The Secret Life of Pets (film)


Gepubliceerd in:
NRC Handelsblad 3 augustus 2016

Het baasje slaat de deur achter zich dicht en haast zich naar zijn werk. De kat rolt zich op en valt in slaap tot aan het eind van de dag de deur weer opengaat. Het dier kent zijn plicht en geeft kopjes. En anders wel de hond: die springt en kwispelt na een lange, saaie dag en geeft de mens het gevoel dat hij welkom is in zijn eigen huis.

In The secret life of pets ziet die suffe wereld achter de voordeur er heel anders uit. De dieren gaan juist helemaal los zo gauw ’s ochtends de deur in het slot valt. Zo verwisselt de voorbeeldig geschoren poedel Leonard de zoetgevooisde klanken van Vivaldi’s Vier jaargetijden op de muziekinstallatie binnen enkele tellen voor snoeiharde heavy metal en in een mum van tijd zien we allerlei dieren woest stampen op de muziek.

Precies, als de kat van huis is, dansen de muizen, al is de kat hier de mens en zijn die muizen een zootje bij elkaar geraapte beesten uit de buurt, waaronder zelfs een gemeen zwerfvarken dat is afgedankt door een tattooshop toen zijn huid te vol stond met probeersels om nog van verder nut te zijn.

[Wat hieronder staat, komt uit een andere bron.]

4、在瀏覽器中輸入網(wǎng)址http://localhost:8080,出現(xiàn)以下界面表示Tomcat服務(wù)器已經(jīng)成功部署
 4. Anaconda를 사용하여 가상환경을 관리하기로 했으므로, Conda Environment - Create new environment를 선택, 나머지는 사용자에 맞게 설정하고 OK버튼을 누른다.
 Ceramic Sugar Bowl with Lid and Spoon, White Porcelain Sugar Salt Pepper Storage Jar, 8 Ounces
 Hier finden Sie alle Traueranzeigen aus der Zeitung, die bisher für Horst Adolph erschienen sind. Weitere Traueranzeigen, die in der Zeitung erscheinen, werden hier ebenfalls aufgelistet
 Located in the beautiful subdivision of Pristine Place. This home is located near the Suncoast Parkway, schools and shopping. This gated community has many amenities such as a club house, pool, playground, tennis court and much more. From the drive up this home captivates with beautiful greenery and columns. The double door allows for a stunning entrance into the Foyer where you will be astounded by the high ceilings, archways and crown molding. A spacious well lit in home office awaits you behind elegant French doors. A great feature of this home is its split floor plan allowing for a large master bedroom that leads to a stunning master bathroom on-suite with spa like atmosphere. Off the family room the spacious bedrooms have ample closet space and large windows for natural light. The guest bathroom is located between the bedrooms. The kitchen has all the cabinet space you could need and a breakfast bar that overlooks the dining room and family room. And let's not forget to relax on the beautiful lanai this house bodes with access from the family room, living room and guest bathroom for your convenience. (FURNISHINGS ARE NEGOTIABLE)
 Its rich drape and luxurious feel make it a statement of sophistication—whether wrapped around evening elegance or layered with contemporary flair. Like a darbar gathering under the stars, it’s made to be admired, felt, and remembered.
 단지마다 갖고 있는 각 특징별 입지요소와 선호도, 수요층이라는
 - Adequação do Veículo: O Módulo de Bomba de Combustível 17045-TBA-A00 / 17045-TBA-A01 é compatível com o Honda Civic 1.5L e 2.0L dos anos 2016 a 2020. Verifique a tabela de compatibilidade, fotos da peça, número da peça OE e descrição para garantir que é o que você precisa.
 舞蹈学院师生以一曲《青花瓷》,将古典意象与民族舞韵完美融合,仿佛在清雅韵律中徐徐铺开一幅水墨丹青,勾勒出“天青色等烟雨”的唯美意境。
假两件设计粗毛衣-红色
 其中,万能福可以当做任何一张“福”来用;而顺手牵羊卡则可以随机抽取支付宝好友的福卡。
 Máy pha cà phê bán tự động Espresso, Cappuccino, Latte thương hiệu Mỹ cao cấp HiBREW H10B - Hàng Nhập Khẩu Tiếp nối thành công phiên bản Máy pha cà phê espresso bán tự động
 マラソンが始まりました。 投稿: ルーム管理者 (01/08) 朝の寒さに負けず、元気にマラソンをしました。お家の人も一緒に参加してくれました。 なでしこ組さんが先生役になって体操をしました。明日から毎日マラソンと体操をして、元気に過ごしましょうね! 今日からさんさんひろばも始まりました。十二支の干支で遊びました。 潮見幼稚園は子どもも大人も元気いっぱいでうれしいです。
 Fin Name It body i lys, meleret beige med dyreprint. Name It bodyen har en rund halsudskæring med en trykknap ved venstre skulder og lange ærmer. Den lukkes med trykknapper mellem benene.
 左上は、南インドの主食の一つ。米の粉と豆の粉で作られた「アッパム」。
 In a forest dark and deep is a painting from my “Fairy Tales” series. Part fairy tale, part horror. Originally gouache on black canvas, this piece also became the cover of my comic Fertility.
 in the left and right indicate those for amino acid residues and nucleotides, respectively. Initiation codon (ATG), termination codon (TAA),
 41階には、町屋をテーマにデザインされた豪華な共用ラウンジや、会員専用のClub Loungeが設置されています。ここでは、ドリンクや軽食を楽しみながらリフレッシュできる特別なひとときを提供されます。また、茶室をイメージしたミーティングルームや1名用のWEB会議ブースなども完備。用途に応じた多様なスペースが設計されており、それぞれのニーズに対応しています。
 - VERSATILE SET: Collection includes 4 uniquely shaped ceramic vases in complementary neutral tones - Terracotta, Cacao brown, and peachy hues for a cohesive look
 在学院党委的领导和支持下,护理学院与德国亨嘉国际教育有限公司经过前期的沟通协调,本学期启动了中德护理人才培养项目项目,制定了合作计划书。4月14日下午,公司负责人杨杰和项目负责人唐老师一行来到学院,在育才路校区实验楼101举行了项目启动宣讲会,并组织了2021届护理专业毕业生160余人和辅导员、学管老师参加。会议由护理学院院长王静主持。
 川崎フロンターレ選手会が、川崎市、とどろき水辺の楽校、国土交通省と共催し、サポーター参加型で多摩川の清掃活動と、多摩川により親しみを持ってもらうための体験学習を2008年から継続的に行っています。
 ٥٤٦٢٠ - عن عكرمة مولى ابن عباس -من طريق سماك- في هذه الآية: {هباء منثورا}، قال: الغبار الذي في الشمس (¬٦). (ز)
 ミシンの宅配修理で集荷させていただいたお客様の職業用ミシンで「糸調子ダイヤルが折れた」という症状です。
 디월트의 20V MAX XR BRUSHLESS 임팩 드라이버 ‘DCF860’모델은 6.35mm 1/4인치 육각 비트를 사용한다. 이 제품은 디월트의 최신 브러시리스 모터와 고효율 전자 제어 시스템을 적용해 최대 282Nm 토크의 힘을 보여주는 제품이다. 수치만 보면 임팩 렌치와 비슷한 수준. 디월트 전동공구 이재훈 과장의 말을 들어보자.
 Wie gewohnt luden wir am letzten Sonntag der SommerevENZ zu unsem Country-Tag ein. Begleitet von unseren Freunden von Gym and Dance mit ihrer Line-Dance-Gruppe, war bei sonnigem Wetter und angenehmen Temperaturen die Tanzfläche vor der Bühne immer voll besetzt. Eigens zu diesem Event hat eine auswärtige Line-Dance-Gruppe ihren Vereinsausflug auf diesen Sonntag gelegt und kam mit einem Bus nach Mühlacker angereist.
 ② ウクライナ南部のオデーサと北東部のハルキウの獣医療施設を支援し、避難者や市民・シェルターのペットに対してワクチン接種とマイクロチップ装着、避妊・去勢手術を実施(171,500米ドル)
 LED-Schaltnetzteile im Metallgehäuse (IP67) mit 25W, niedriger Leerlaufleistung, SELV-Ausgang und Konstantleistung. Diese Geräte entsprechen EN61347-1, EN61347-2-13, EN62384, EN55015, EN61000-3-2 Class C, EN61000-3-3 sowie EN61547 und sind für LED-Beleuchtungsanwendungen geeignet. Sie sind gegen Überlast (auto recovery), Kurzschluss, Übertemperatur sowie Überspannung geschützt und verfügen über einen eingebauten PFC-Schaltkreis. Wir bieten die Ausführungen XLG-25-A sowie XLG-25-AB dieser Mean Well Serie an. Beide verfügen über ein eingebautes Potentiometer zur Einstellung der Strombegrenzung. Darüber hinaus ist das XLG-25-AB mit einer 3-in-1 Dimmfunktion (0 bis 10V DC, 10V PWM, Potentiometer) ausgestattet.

De technieken mogen veranderd zijn, het idee achter dit soort films verschilt nauwelijks van de eerste Tom en Jerry’s in de jaren veertig. Dieren pesten elkaar, er zijn volop achtervolgingen, er worden rake klappen uitgedeeld en wij zitten in het beste geval op het puntje van onze stoel door een in hoog tempo opgediende reeks visuele grappen.

Wat is er in al die tijd wel veranderd? Het dier vergezelt de mens inmiddels 15.000 jaar. Reeds in de Oudheid speelde het een hoofdrol in talloze verhalen. Denk aan de fabels van Aesopus over de haas en de schildpad of de krekel en de mier. Daarin is het dier meestal zichzelf: de haas is snel, de schildpad langzaam, de mier ijverig, de krekel zingt.

Ook in Van den Vos Reinaerde is de vos nog slim en de leeuw koning van het dierenrijk. In de zeventiende-eeuwse fabels van La Fontaine zijn de dieren even rolvast: de wolf verscheurt er het lam. Eigenlijk duurt het tot aan de twintigste eeuw voor het dier een individu wordt en niet meer beantwoordt aan de clichés van zijn soort. Dat zie je in kinderboeken, maar vooral in strips en tekenfilms.

De wereld van Disney gooit alles om. Er is nog wel een Boze Wolf die een wolf is en de kat jaagt nog op de muis, maar de muis verliest het nooit echt. Soortgenoot Mickey wordt een held, net als die eend met dat matrozenpetje, zij het dat deze helden vaak de rol van antiheld op zich nemen. Moest je het leven van Donald Duck in één woord samenvatten dan was dat: pech.

Nu de dieren de fabel achter zich laten worden ze steeds meer mens, al blijven ze seksloos (de familie Duck heeft zelfs nooit een broek aan) en talen ze niet naar drank of drugs. In Disneyland is de drooglegging geslaagd. Ook in The Secret Life of Pets blijven drank en drugs, ondanks het gekoketteer met onderwereld, urban culture en jeugd, taboe. En hoe Amerikaans gewelddadig deze 3D animatiefilm soms ook is, er komt geen vuurwapen in voor. Verder is de dieren niets menselijks vreemd: ze zijn jaloers, materialistisch, bot, hypocriet, driftig, roddelziek en verwaand. Gelukkig komt Boontje er altijd om zijn loontje. Ook in The secret life of pets.

Toch zijn dieren in hedendaagse animatiefilms veranderd. Hoe dan? Ten eerste keert het dier zich vanuit morele superioriteit tegen de mens. En verder voegen de dieren zich niet meer naar hun traditionele rol. Ze worden hybride.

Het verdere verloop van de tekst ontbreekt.